How about an update, noiie!
 

JustinLerner

Senior member
Mar 15, 2002
425
0
0
Buz---, are you an idiot?

In my last post I pointed out that she has the board sitting on top of a FEDEX box.
Can you imagine that she might be trying to insert a PCI or AGP card into a motherboard with tight slots all while the motherboard is sitting on the FEDEX box?

Now, stop acting like an idiot, since this is obviously a 'real world', imperfect situation and help recommend a proper process that will give the board support when inserting a new card into the MB.

For her sake, for the sake of getting the job done correctly, I hope she takes this advice.
 

Buz2b

Diamond Member
Jun 2, 2001
4,619
0
0
Buz---, are you an idiot?
You just don't learn do you?? KEEP TO THE PROBLEM AT HAND!! No where in these posts have I resorted to personal attacks, although tempted. If you cannot refrain yourself then I would suggest you either reread the rules of this forum in reference to personal attacks or take your crap elsewhere where it might be wanted. It would also help you to read the posts better before you react and "shoot from the hip". Case in point sir, (and I am now using that term loosely):
"There are a lot of things that we could tell her about dos and don'ts. The fact is that we are not there: she is. If we spent time going over ESD precautions, proper system building methods, component compatibilities, tool choices and whether or not she should be wearing shoes, we would never get to the actual problem of getting the board to boot. One has to try and let each individual be responsible for his or her own behavior sometimes and stick to the root of the problem at hand." (Bold font added for emphasis)
This dialogue between us is NOT helping her at all. Either stop the crap or take it elsewhere. I will no longer address you directly in this thread. If you wish to continue your crap, take a look; my PM's are enabled (as always). Some of us know that this is where your BS belongs.
 

JustinLerner

Senior member
Mar 15, 2002
425
0
0
Since there is no video, but there is power the problem is probably with either the video card, RAM, motherboard, or a conflict between the MB BIOS and videocard - and a BIOS problem is not likely since she's probably not using a professional workstation video card. If there is bad RAM or a bad board (motherboard or video) then there's not much that can be done except exchanging the problem devices.

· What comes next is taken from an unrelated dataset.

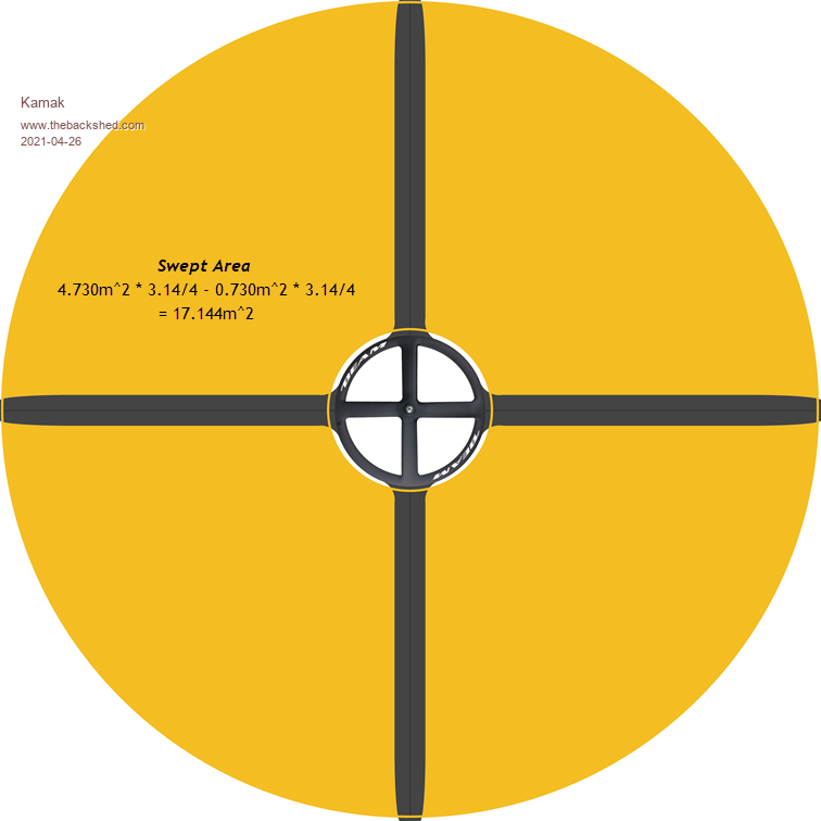 4730mm Dia 4 blade prop. High torque @ low rpm. This is just a guestimate at this point, but I think I'm in the ballpark.

Since there is no video, but there is power, there are two possibilities that we can assist with: properly reseating the RAM and/or properly reseating the video card.
While the primary problem is still no video, a symptom of an improperly seated video card, the attempted correction is to properly seat the video card. Since there is power but no video, this is the most logical path to pursue.

So the primary problem at hand is to reseat the video card AND ensure that noiiie's equipment is also protected regardless of whether it's damaged and assuming that it's not.

-----

noiiie, since your experience with PC's is very minimal, follow these instructions and precautions.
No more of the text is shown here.